視線が交差しない、心地よい空白の距離
濡れたシャツが背中に張り付いて、少しだけ重い。河口湖駅からホテルルートイン河口湖まで歩いた10分間、傘を叩く雨のリズムが、私たちの間の沈黙を埋めてくれていたのかもしれない。チェックインを済ませてコンフォートダブルの部屋に入ると、そこには心地よい温度の静寂が広がっていた。足の裏に触れるカーペットのわずかな弾力と、エアコンが発する低いハム音。私はベッドの端に腰掛け、君は窓際に立った。ここから入り口までの数歩の距離が、今の私たちにとってちょうどいい境界線のように感じられた。シーツの白い生地が、外の雨空の青さを反射して、淡いグレーに染まっている。君の横顔をあえて見ないようにして、指先に触れるリネンのざらつきに集中する。「今はこれでいい」と心の中で呟いた。この小さな箱の中で、私たちは視覚ではなく、空気の微かな振動で互いの存在を確認し合っていた。距離があることは寂しさではなく、相手を丁寧に観察するための贅沢な余白なのだと感じた。
言葉を追い越して、熱が溶け合う瞬間
脱衣所のタイルの冷たさが足裏から突き抜け、そこから「霊水の湯」の濃厚な湯気に包まれる。

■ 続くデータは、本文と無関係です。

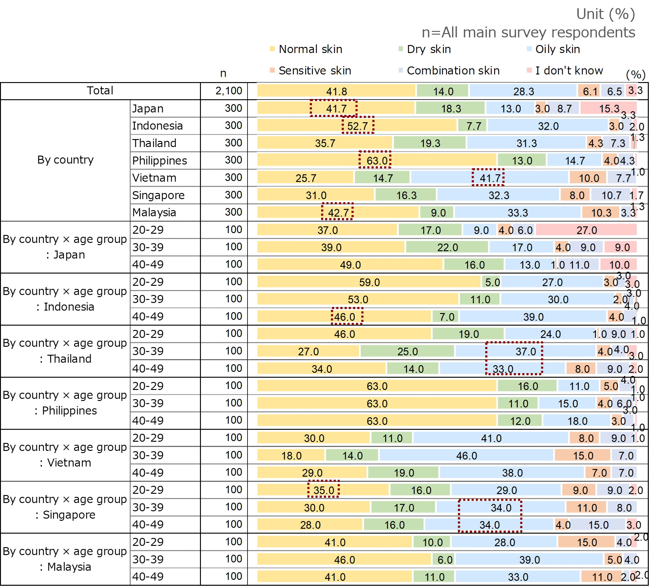 In Thailand and Singapore, a large proportion of men in their 20s have "normal skin" while a large proportion of men in their 30s and 40s have "oily skin".
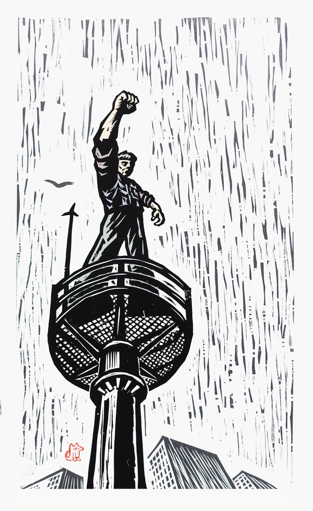 또 한 명의 노동자가 높은 탑에 올랐다.
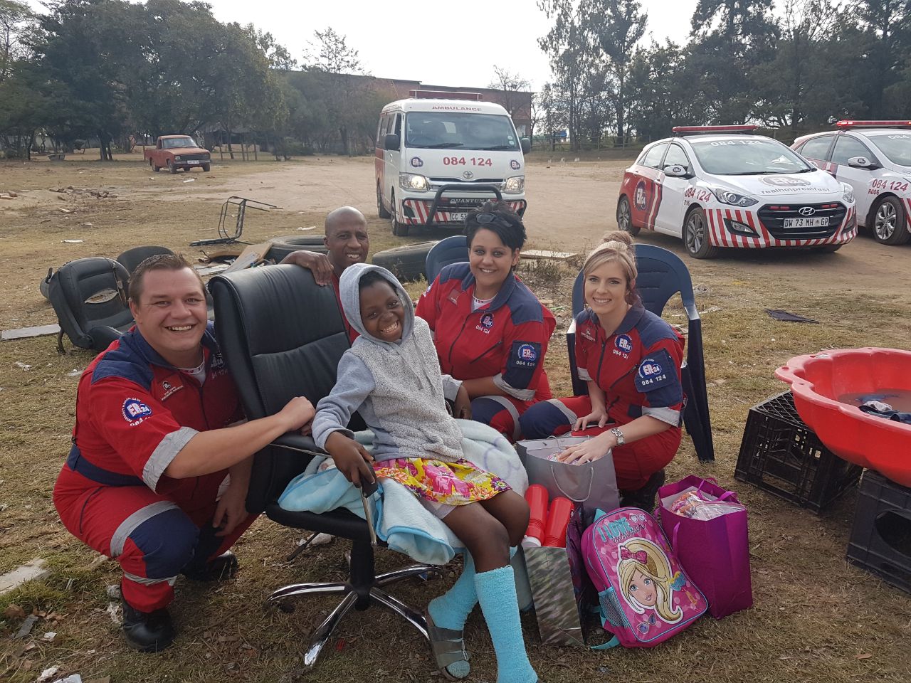 But Tannith and the team decided to do even more for the little girl and her family. “When we arrived there we realised the mother was taking care of eight children. We decided that we will be buying the family groceries every month for the rest of the year,” said Tannith. “Dr Robyn Holgate has also kindly offered her services. She will be taking over all further assessments and checkups needed by the little girl relating to her injury. We will also be sponsoring the little girl’s transportation to and from the hospital,” said De Wet Jooste, branch manager of ER24 Johannesburg North, who also joined on Monday.
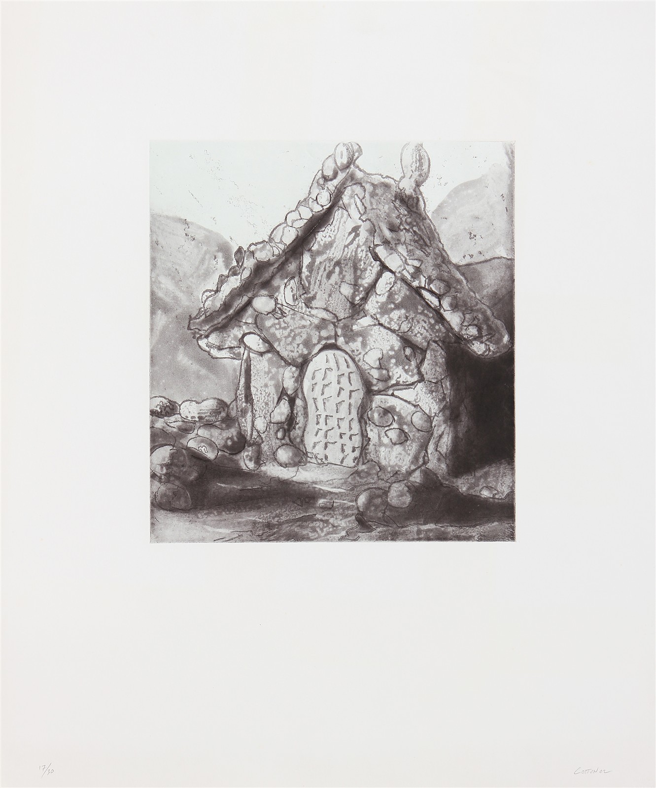 COTTON WILLIAM Peanut buttle brittle house. Acquatinta e punta secca. Cm 28,00 x 30,00. 17/30. Tiratura e firma matita in basso. Timbro a secco Burnet Edition. Cornice presente

お湯に体を沈めた瞬間、肌を刺していた雨の冷たさが、ゆっくりと溶けていくのが分かった。視界を遮る白い霧の中で、君の輪郭がぼやけて見える。どちらからともなく、お湯の中で足先が触れた。ほんの一瞬の、皮膚と皮膚の接触。それは言葉にするにはあまりに小さく、けれど無視するには十分すぎるほどの熱を持っていた。私たちは何も話さなかったけれど、同じタイミングで深く息を吐き出した。もしかすると、言葉というものは、本当に伝えたいことを隠すための薄い膜に過ぎないのかもしれない。湯船の縁に腕を乗せ、ただ隣にいることの重みを共有する。濡れたタオルが肌に吸い付く感覚が、さっきまでの緊張を柔らかく解いていく。君がふとこちらを向き、小さく笑った。その表情に意味を求めるのではなく、ただ「今、ここに一緒にいる」という事実だけを、肺いっぱいの蒸気と一緒に飲み込んだ。正解なんてなくていい。ただ、このお湯の温度がちょうどよかった。それだけで、十分な答えになった気がする。
ひとりでありながら、ふたりでいられる静寂
翌朝、6時の光はまだ深い青に染まっている。窓の外では紫陽花が雨をたっぷりと含み、濃い紫の色を湛えていた。私たちは同じ空間にいるけれど、それぞれ別の時間を呼吸している。私はベッドの上で、読みかけの本のページを指でなぞり、君はコーヒーを淹れるために小さな足音を立てて歩いている。その不規則なリズムが、心地よいBGMのように部屋に溶け込んでいた。誰かが何かを話さなければならないという義務感はない。ただ、お互いの呼吸が聞こえる距離にいて、それぞれが自分の内側に潜っている。それは孤独ではなく、深い信頼に基づいた静かな共存だった。朝食のレストランで、炊きたての白いご飯から立ち上る湯気と、出汁の香りが鼻をくすぐる。君が「このお味噌汁、いい匂いがするね」と小さく呟いたとき、私たちはようやく、昨日の雨の日の緊張から完全に解放された。乾いたリネンのローブに包まれて、私たちはもう一度、心地よい距離感を確認し合った。足りない部分があるからこそ、そこに誰かが入り込む隙間が生まれる。私たちは、その隙間を埋めるのではなく、ただそこに在ることを楽しんでいた。
雨上がりの空に、富士山の頂上がほんの少しだけ顔を出していた。